Exercise details.
Look below for the line containing "按照《邢台市2020年大气污", then write out that line and every line after it to the end, exactly, minus the pictures.

Records provided.
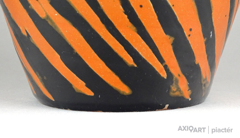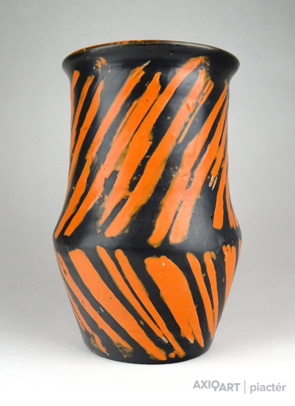 [0R415/X168] Régi, jelzett, hibátlan állapotú Gorka Lívia díszváza fekete, fehér és narancs mázzal. Alján jelzés: GORKA LÍVIA Magasság: 19 cm Szélesség: 8.5 cm Súly: 0.444 kg Gorka Lívia keramikus Születési hely: Nógrádverőce Születési dátum: 1925 Honlap: Kiállítások az adatbázisban:  Gorka Lívia keramikusművész életműkiállítása Mesterei: Gorka Géza. 1947-ben tett fazekas-mestervizsgát. Mestere édesapja, Gorka Géza volt. 1962: Nemzetközi Kerámia Biennálé, Prága, aranyérem; 1964: Munkácsy-díj; 1975: érdemes művész; Verőce díszpolgára. 1959-ig a verőcei Gorka-műhelyben dolgozott, azóta saját műtermében alkot. Kézműves módszerrel dolgozik, saját készítésű mázakat alkalmaz. Magas tüzű, egyéni készítésű anyagokkal dolgozik, az agyagot fémmel ötvözi. Erőteljes plasztikai hatású munkáinak színvilága visszafogott. Egyéni kiállítások 1964 • Csók Galéria, Budapest • Festőterem, Sopron • Janus Pannonius Múzeum, Pécs • Savaria Múzeum, Szombathely 1968 • Genf • Képcsarnok, Szeged 1977 • Műcsarnok, Budapest 1983 • Gülbaba köz 25. 1986 • Blaskovich Múzeum, Tápiószele 1994 • Három nemzedék, Gorka Múzeum, Nógrádverőce. Válogatott csoportos kiállítások 1955 • Fiatal iparművészek kiállítása, Ernst Múzeum, Budapest 1958 • Nemzetközi kerámia kiállítás, Gmunden 1959 • 4. Országos Iparművészeti kiállítás, Műcsarnok, Budapest 1962 • Ungerskt Konsthantverk, Stockholm 1962, 1964 • Nemzetközi Kerámia Biennálé, Prága 1963 • Modern magyar kerámia, Royal Festival Hall, London 1964 • Kortárs magyar művészek, Neue Galerie der Stadt, Linz • Nemzetközi kerámia kiállítás,Washington 1965 • 5. Országos Iparművészeti Kiállítás, Műcsarnok, Budapest 1968 • Mai magyar kerámia, Vár, Siklós 1968-1972, 1976, 1980-1988 • VI-X. Országos Kerámia Biennálé, Pécs 1970, 1975 • Jubileumi Iparművészeti kiállítás, Műcsarnok, Budapest • Magyar kerámia és textil,Moszkva • Nemzetközi kerámia kiállítás, Faenza 1995 • XX. századi magyar keramikusok. Válogatás az Iparművészeti Múzeum, Budapest gyűjteményéből, Iparművészeti Múzeum, Budapest. Művek közgyűjteményekben Kecskeméti Képtár Victoria and Albert Museum, London. Köztéri művei Zodiákus jegyek (samottos agyag, 1966, Gödöllő, GATE) Sejt nagyító alatt (kőagyag, 1979, Tatabánya, Kórház) Kerámiakompozíció (1983, Tatabánya, Megyei Kórház). Irodalom Vallomás, Budapest, 1979 ~-FOCHT G.: Három nemzedék. A Gorka Múzeum Verőcén, Budapest, 1994 Fiatal iparművészek, Szabad Művészet, 1955/9. FRANK J.: ~, Élet és Irodalom, 1964/5. MAJOR M.: ~ kiállítása elé, Magyar Építőművészet, 1964/6. kiállításán, Művészet, 1964/10. HETTEŠ, K.-RODA, P.: Moderne Keramik, Prága, 1965 SZELESI Z.: ~ kiállítása Szegeden, Művészet, 1968/12.  ~val, Műgyűjtő, 1970/2. N. DVORSZKY H.: ~, Művészet, 1973/3. kiállítása, Ipari Művészet, 1973/3. VADAS J.: Kiállítások, Élet és Irodalom, 1973. március 27. Forma Hungarica, Budapest, 1974 VADAS J.: Küklopsz edényei, Élet és Irodalom, 1987. október 9. Ős pottery, New Hungarian Quarterly, 1988/3. Három nemzedék. Gorka Géza, ~, Focht Géza, Magyar Iparművészet, 1994/5. Laczkó Ibolya Forrás: artportal.hu
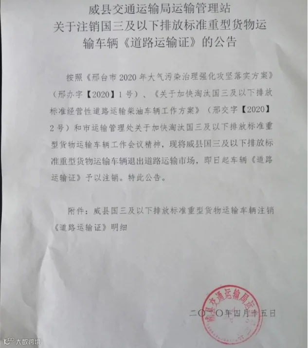 按照《邢台市2020年大气污染治理强化攻坚落实方案》(邢办字【2020】1号)、《关于加快淘汰国三及以下排放标准经营性道路运输柴油车辆工作方案》(邢交字【2020】2号)和市运输管理处关于加快淘汰国三及以下排放标准重型货物运输车辆工作会议精神,现将威县国三及以下排放标准重型货物运输车辆退出道路运输市场,即日起车辆《道路运输证》予以注销。
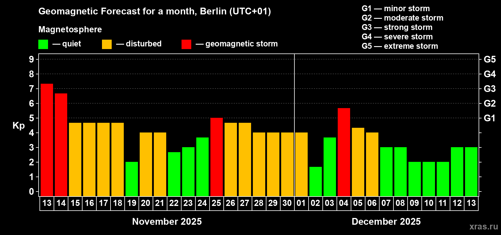 Geomagnetic storm forecast in Berlin for Nov 13, 2025
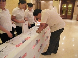 客戶陸續到場,并在簽到處認真的填寫個人資料
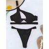 Schwarz One Shoulder V-Bar Bügel Bikini Set Push Up Badeanzug Weibliche Bademode Frauen Badende Badeanzug
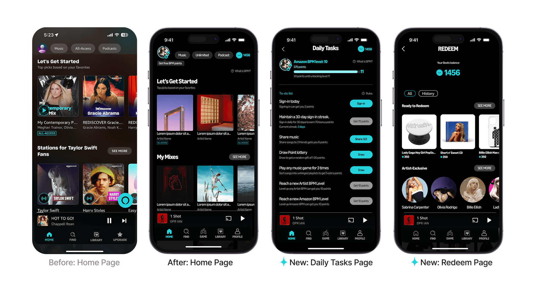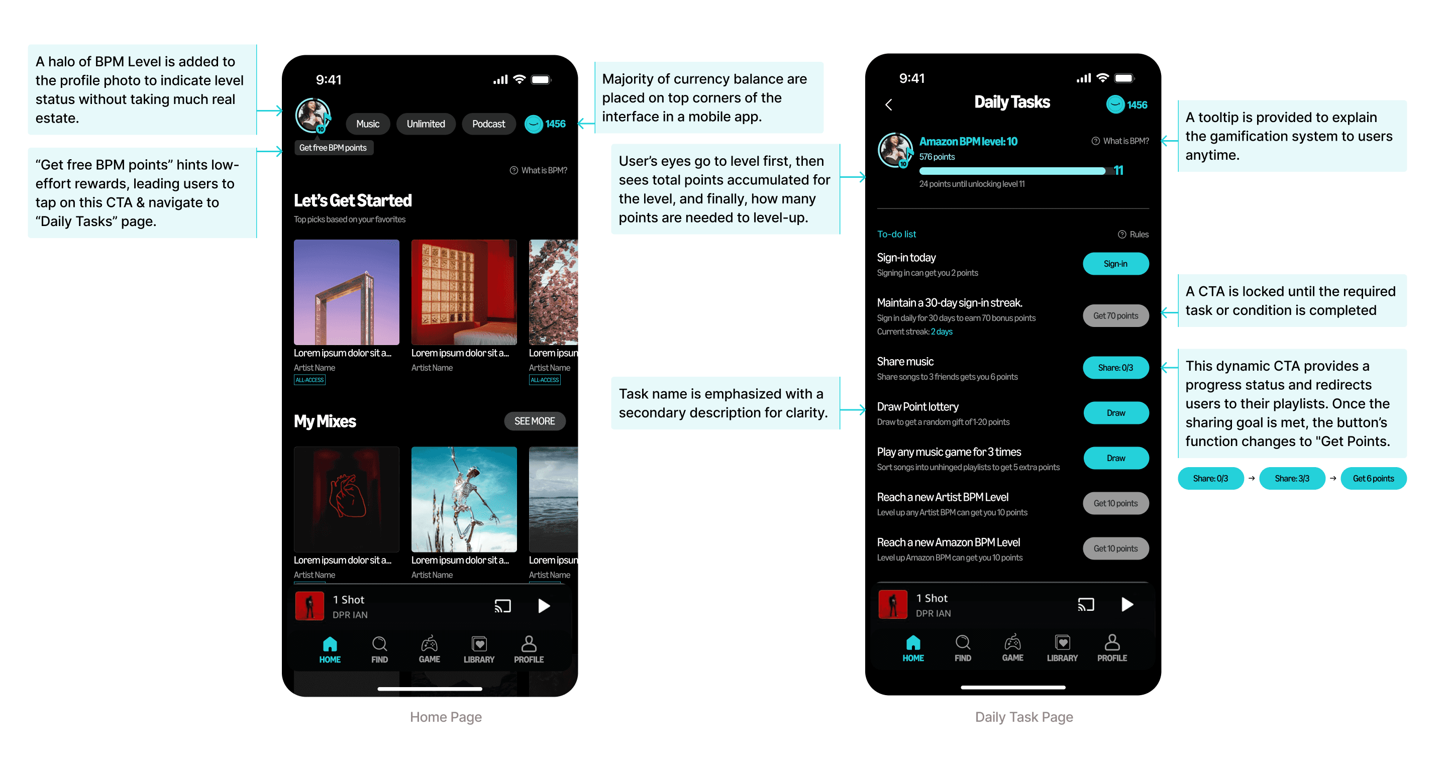 We added a few elements to Amazon Music's Home Page to incorporate the UI of the gamification feature without cluttering the screen, while designed a new page "Daily Tasks" to give user a list of low-effort tasks and help them get more points to level-up. Some tasks are designed to incentivize users to spend more time on the app and use the app everyday.

Task response.
 按照《邢台市2020年大气污染治理强化攻坚落实方案》(邢办字【2020】1号)、《关于加快淘汰国三及以下排放标准经营性道路运输柴油车辆工作方案》(邢交字【2020】2号)和市运输管理处关于加快淘汰国三及以下排放标准重型货物运输车辆工作会议精神,现将威县国三及以下排放标准重型货物运输车辆退出道路运输市场,即日起车辆《道路运输证》予以注销。
 Geomagnetic storm forecast in Berlin for Nov 13, 2025
 客戶陸續到場,并在簽到處認真的填寫個人資料
 Schwarz One Shoulder V-Bar Bügel Bikini Set Push Up Badeanzug Weibliche Bademode Frauen Badende Badeanzug
 We added a few elements to Amazon Music's Home Page to incorporate the UI of the gamification feature without cluttering the screen, while designed a new page "Daily Tasks" to give user a list of low-effort tasks and help them get more points to level-up. Some tasks are designed to incentivize users to spend more time on the app and use the app everyday.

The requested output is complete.